10 Questions for Chris Weidman

By Lem Satterfield Aug 26, 2014
Chris Weidman will put his middleweight title on the line at UFC 181 in December. | Photo: Dave Mandel/Sherdog.com



Chris Weidman will defend the Ultimate Fighting Championship middleweight crown at UFC 181 on Dec. 6, when he faces Vitor Belfort at the Mandalay Bay Events Center in Las Vegas.

Weidman in an exclusive interview with Sherdog.com spoke about the upcoming clash with Belfort, who after a tearful appeal was licensed by the Nevada Athletic Commission under the condition that he submit to random drug testing.
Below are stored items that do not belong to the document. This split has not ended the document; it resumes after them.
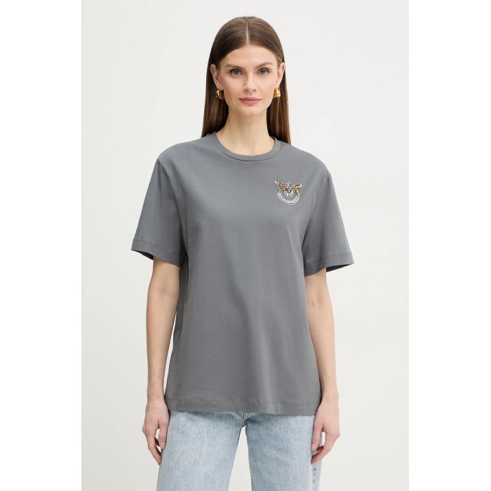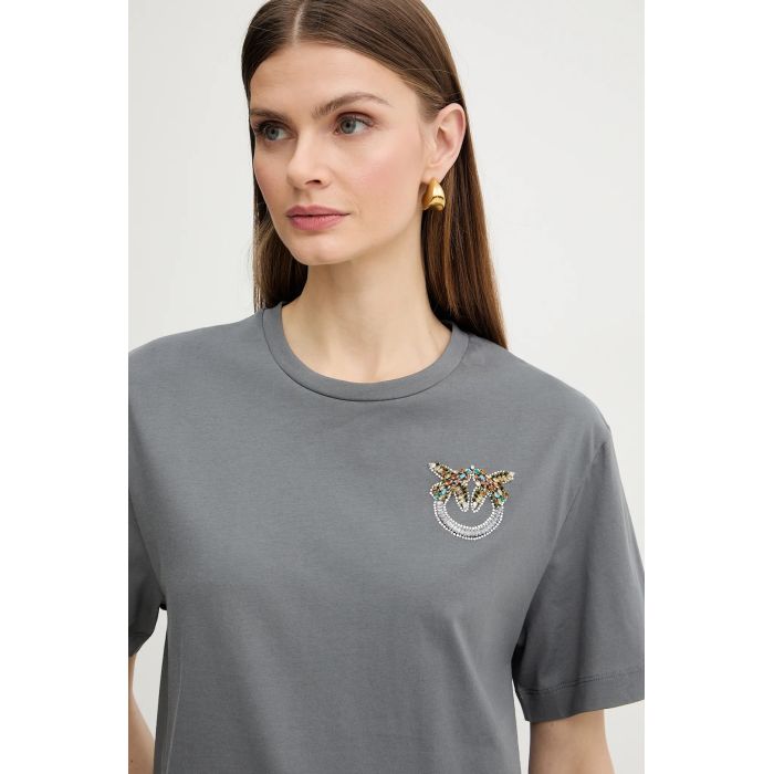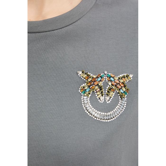 La t-shirt Strepitoso di Pinko è un capo casual-chic realizzato in morbido e confortevole cotone. Il logo ricamato con strass sul davanti aggiunge un tocco di brillantezza e raffinatezza, rendendola perfetta per chi cerca un look elegante ma informale. Il girocollo e la vestibilità semplice completano il design, rendendo questa t-shirt versatile per ogni occasione.
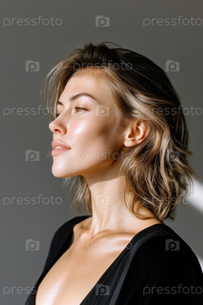 Портрет красивой молодой женщины в черном платье на сером фоне
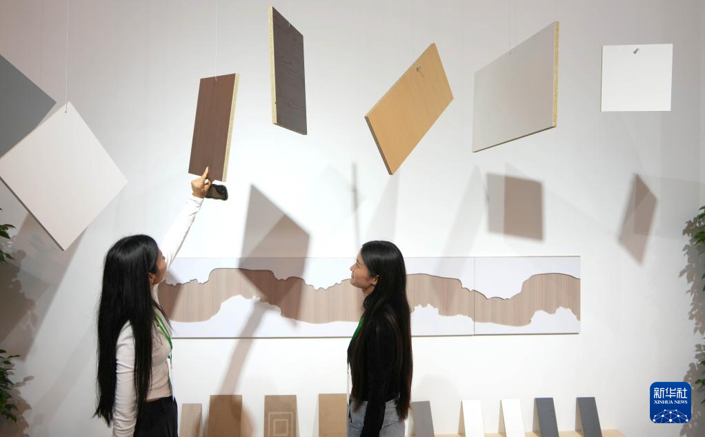 9月19日,参展商在第十九届中国林产品交易会上展示木加工产品。新华社记者 徐速绘 摄
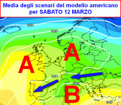 La prima mappa ci mostra la media di tutti gli scenari (compreso il run ufficiale), imbastita dal modello americano questo pomeriggio per la giornata di mercoledì 9 marzo.

The 6-foot-2 Weidman also addressed the fact that mixed martial arts still is not legalized in his native New York, where he admits to having entertained the idea of a future super fight against UFC light heavyweight champion Jon Jones:

Sherdog.com: What our thoughts on Belfort as a threat to your unbeaten record, given that he is an aging warrior who appears to be rejuvenated?
Weidman: I have respect for him, and I have respect for the cage. Anybody who is going to step into the cage, I have respect for. The second that I don’t have respect for someone in there is the second that it would take for me to lose that belt. That being said, my reign as champion is going to be a long one, and no one is going to take this belt form me for a long, long time.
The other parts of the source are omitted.